Assignment: An exact reproduction of the entries is needed. Keep all pictures out of it.

***** Material supplied

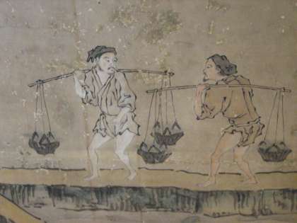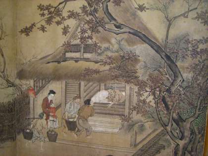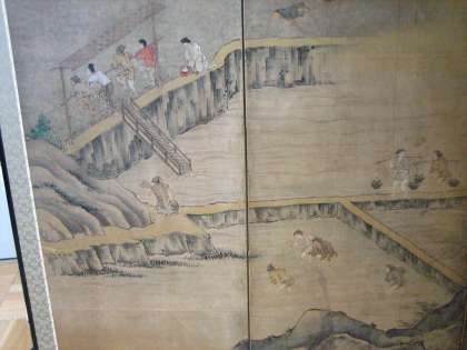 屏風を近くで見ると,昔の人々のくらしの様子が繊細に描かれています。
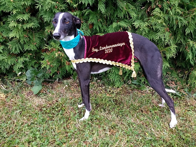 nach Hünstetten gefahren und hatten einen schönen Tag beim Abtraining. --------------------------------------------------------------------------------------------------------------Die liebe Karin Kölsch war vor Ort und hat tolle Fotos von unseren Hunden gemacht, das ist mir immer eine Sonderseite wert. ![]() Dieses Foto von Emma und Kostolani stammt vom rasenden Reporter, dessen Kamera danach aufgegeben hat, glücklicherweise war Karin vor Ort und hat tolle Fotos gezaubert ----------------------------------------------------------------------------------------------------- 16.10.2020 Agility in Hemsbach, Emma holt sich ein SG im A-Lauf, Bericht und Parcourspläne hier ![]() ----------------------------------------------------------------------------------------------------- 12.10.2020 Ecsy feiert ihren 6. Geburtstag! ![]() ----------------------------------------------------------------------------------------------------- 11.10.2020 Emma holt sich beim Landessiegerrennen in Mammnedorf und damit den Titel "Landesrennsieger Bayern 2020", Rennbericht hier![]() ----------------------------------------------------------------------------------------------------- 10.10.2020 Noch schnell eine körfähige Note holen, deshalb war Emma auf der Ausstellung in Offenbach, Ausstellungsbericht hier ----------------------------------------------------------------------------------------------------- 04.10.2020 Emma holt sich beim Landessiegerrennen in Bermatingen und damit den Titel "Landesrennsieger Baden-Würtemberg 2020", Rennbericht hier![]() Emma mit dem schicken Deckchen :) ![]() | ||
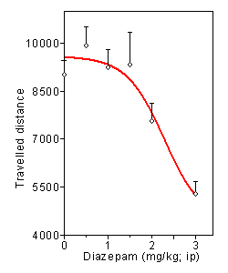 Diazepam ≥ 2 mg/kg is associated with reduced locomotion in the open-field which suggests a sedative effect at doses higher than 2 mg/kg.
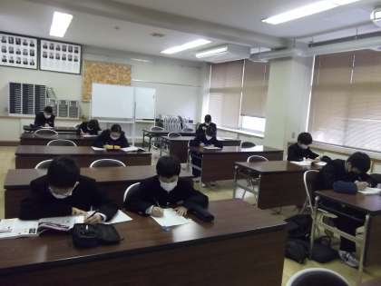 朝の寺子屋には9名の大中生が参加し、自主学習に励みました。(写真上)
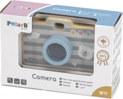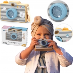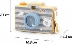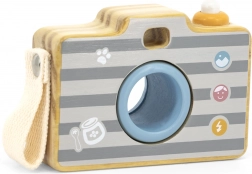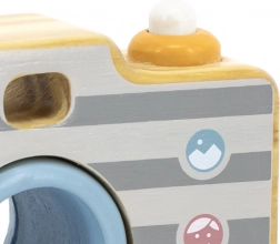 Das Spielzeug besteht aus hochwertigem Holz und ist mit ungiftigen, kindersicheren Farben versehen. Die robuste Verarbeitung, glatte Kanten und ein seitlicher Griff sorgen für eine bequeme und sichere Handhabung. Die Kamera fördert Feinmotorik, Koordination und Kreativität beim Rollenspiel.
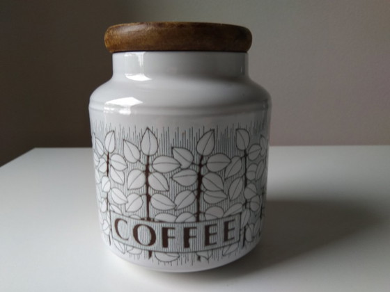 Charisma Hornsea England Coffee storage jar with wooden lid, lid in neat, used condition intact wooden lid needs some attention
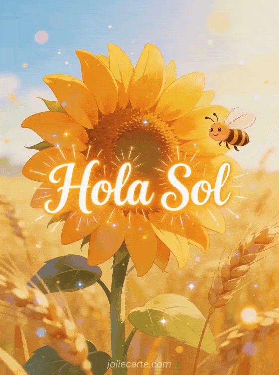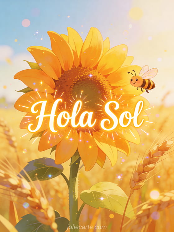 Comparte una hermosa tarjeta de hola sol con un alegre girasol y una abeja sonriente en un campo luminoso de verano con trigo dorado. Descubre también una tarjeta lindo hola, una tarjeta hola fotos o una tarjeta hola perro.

**********

Task output:
 屏風を近くで見ると,昔の人々のくらしの様子が繊細に描かれています。
 nach Hünstetten gefahren und hatten einen schönen Tag beim Abtraining. --------------------------------------------------------------------------------------------------------------Die liebe Karin Kölsch war vor Ort und hat tolle Fotos von unseren Hunden gemacht, das ist mir immer eine Sonderseite wert. ![]() Dieses Foto von Emma und Kostolani stammt vom rasenden Reporter, dessen Kamera danach aufgegeben hat, glücklicherweise war Karin vor Ort und hat tolle Fotos gezaubert ----------------------------------------------------------------------------------------------------- 16.10.2020 Agility in Hemsbach, Emma holt sich ein SG im A-Lauf, Bericht und Parcourspläne hier ![]() ----------------------------------------------------------------------------------------------------- 12.10.2020 Ecsy feiert ihren 6. Geburtstag! ![]() ----------------------------------------------------------------------------------------------------- 11.10.2020 Emma holt sich beim Landessiegerrennen in Mammnedorf und damit den Titel "Landesrennsieger Bayern 2020", Rennbericht hier![]() ----------------------------------------------------------------------------------------------------- 10.10.2020 Noch schnell eine körfähige Note holen, deshalb war Emma auf der Ausstellung in Offenbach, Ausstellungsbericht hier ----------------------------------------------------------------------------------------------------- 04.10.2020 Emma holt sich beim Landessiegerrennen in Bermatingen und damit den Titel "Landesrennsieger Baden-Würtemberg 2020", Rennbericht hier![]() Emma mit dem schicken Deckchen :) ![]() | ||
 Diazepam ≥ 2 mg/kg is associated with reduced locomotion in the open-field which suggests a sedative effect at doses higher than 2 mg/kg.
 朝の寺子屋には9名の大中生が参加し、自主学習に励みました。(写真上)
 Das Spielzeug besteht aus hochwertigem Holz und ist mit ungiftigen, kindersicheren Farben versehen. Die robuste Verarbeitung, glatte Kanten und ein seitlicher Griff sorgen für eine bequeme und sichere Handhabung. Die Kamera fördert Feinmotorik, Koordination und Kreativität beim Rollenspiel.
 Charisma Hornsea England Coffee storage jar with wooden lid, lid in neat, used condition intact wooden lid needs some attention
 Comparte una hermosa tarjeta de hola sol con un alegre girasol y una abeja sonriente en un campo luminoso de verano con trigo dorado. Descubre también una tarjeta lindo hola, una tarjeta hola fotos o una tarjeta hola perro.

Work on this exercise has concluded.